The East Side Gallery, a 0.8 miles (1.3km) stretch of the original Berlin Wall that remains as a monument. Photograph: John Macdougall/AFP/Getty Images
The East Side Gallery, a 0.8 miles (1.3km) stretch of the original Berlin Wall that remains as a monument. Photograph: John Macdougall/AFP/Getty Images

Russian film director's replica Berlin Wall rejected by city authorities

This article is more than 5 years old

The 800-metre recreation for the premiere of Ilya Khrzhanovsky’s film Dau caused safety concerns

A controversial art installation that would have rebuilt part of the Berlin Wall in the German capital has been put on hold by city authorities over safety concerns.
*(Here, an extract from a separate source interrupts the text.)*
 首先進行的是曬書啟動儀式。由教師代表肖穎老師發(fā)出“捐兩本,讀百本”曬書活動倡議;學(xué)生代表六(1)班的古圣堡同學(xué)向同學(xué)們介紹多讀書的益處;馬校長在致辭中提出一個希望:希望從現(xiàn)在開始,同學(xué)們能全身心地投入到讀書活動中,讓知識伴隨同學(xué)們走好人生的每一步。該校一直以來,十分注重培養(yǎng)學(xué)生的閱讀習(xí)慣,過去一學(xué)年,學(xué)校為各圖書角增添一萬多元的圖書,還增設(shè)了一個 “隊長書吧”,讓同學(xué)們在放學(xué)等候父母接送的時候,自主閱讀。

The brainchild of Russian film director Ilya Khrzhanovsky, who also paid 400 people to live for three years in a recreation of the Stalin-era Soviet Union, Dau Freedom would have immersed visitors in a totalitarian regime in the heart of a city once home to both Nazi and communist states.

Designers promised a game-like experience in which visitors would apply for a visa to enter another country stuck behind an 800-metre (2,600ft) mock-up of the wall that divided the German capital for nearly three decades.
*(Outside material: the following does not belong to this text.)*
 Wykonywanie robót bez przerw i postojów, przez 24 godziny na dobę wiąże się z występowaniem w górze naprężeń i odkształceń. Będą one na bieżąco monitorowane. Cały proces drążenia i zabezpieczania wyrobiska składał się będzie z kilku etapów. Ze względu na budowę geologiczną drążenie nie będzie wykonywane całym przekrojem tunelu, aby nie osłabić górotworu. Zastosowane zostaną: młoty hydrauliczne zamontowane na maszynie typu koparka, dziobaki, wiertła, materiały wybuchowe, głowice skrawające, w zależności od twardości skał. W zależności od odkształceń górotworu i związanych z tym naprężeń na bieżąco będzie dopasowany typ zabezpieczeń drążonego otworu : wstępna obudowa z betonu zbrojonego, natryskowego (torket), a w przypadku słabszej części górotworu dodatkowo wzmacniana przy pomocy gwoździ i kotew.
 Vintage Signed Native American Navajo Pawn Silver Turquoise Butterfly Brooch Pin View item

The installation was to open for four weeks from mid-October, to coincide with the world premiere of Khrzhanovsky’s long-anticipated film set in a fictional but functioning Soviet research institute in north-eastern Ukraine.

But it now hangs in the balance after Berlin authorities announced they were rejecting the application on safety grounds.

“This was never about whether or not the project makes sense, that was never any of our business,” said Matthias Tang, a spokesperson for the Berlin authorities. “The timescale was simply too short. Such a big project can’t be realised in two months.”

A still from Ilya Khrzhanovsky’s Dau, recreating life in the Stalin-era Soviet Union. Photograph: Phenomen IP, 2018

Organisers submitted their application in August, but the process should have begun months earlier, Tang said. No planning permission had yet been issued for the wall itself, and plans to construct it with a crane had not considered if the ground below could take the weight.

The gravest concern, Tang said, was a lack of suitable escape routes for visitors. The fire service was also worried that the wall structure could block emergency access.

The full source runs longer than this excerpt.